*** Record set Section Begins ***

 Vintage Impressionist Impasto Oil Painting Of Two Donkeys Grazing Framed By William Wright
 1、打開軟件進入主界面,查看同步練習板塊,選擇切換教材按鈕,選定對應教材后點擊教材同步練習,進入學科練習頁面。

*** Record set Section Ends ***
*** Record set Section Begins ***

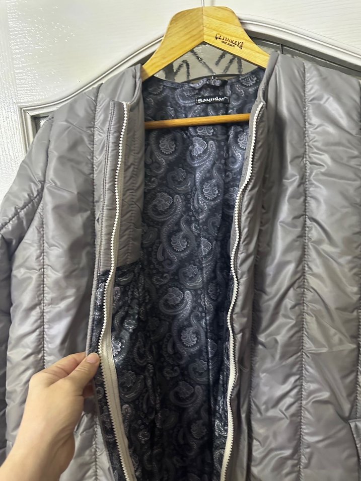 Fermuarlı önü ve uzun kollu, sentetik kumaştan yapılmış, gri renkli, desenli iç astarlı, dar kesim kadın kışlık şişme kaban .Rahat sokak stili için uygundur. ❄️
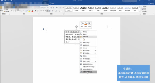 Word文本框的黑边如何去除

*** Record set Section Ends ***
*** Record set Section Begins ***

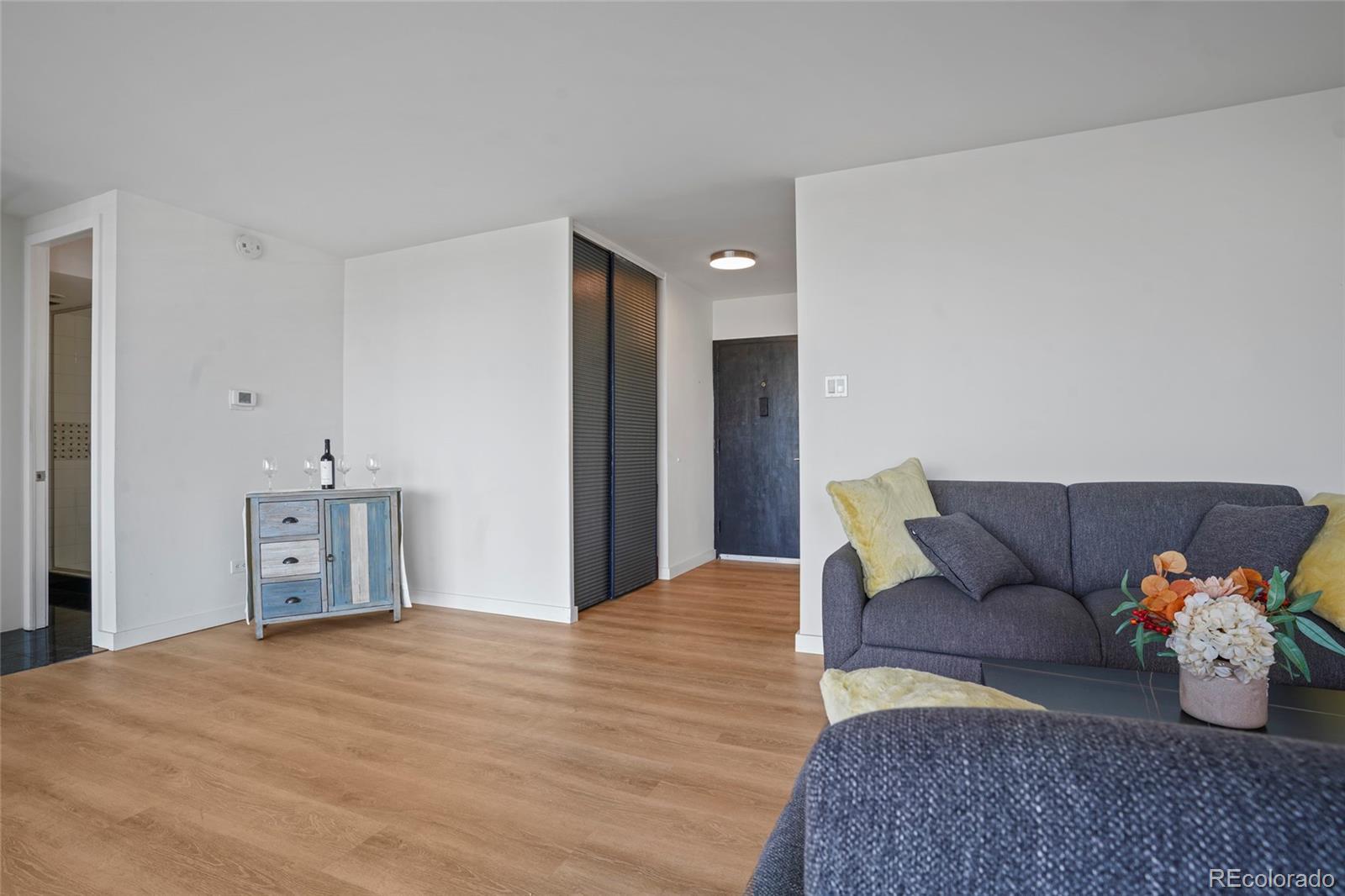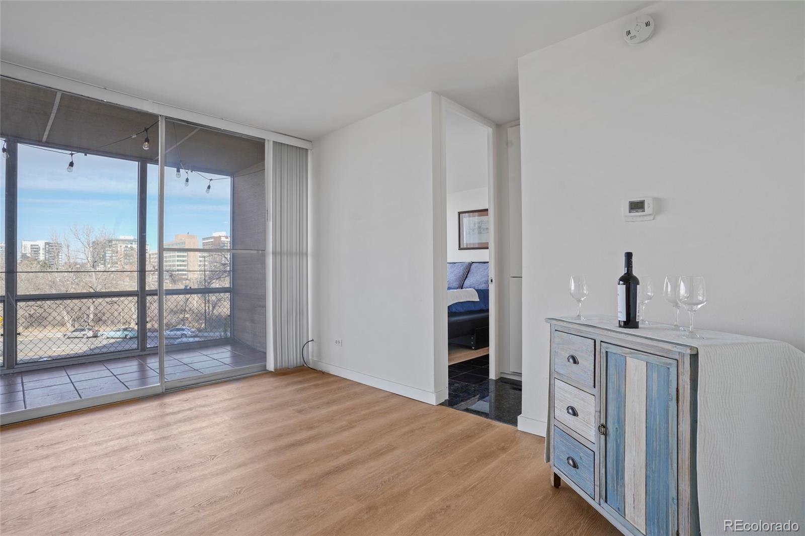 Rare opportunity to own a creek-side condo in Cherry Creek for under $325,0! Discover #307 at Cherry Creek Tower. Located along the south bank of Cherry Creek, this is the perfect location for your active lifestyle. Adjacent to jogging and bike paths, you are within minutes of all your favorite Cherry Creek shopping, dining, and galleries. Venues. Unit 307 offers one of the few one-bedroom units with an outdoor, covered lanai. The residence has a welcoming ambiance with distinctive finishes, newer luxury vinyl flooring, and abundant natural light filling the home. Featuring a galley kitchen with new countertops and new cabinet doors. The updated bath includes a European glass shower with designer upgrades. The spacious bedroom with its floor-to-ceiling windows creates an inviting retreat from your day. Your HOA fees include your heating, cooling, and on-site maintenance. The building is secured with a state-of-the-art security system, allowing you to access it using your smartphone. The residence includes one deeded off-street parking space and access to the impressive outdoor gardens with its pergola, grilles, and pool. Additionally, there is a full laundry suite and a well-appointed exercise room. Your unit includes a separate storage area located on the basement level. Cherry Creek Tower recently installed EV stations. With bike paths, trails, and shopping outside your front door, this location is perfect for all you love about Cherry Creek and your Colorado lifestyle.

*** Record set Section Ends ***

Work required:
Skip every picture, and restate word for word only the lines above from the line containing "Fermuarlı önü ve" to the line containing "Word文本框的黑边如何去除", both of them included.

Answer section:
 Fermuarlı önü ve uzun kollu, sentetik kumaştan yapılmış, gri renkli, desenli iç astarlı, dar kesim kadın kışlık şişme kaban .Rahat sokak stili için uygundur. ❄️
 Word文本框的黑边如何去除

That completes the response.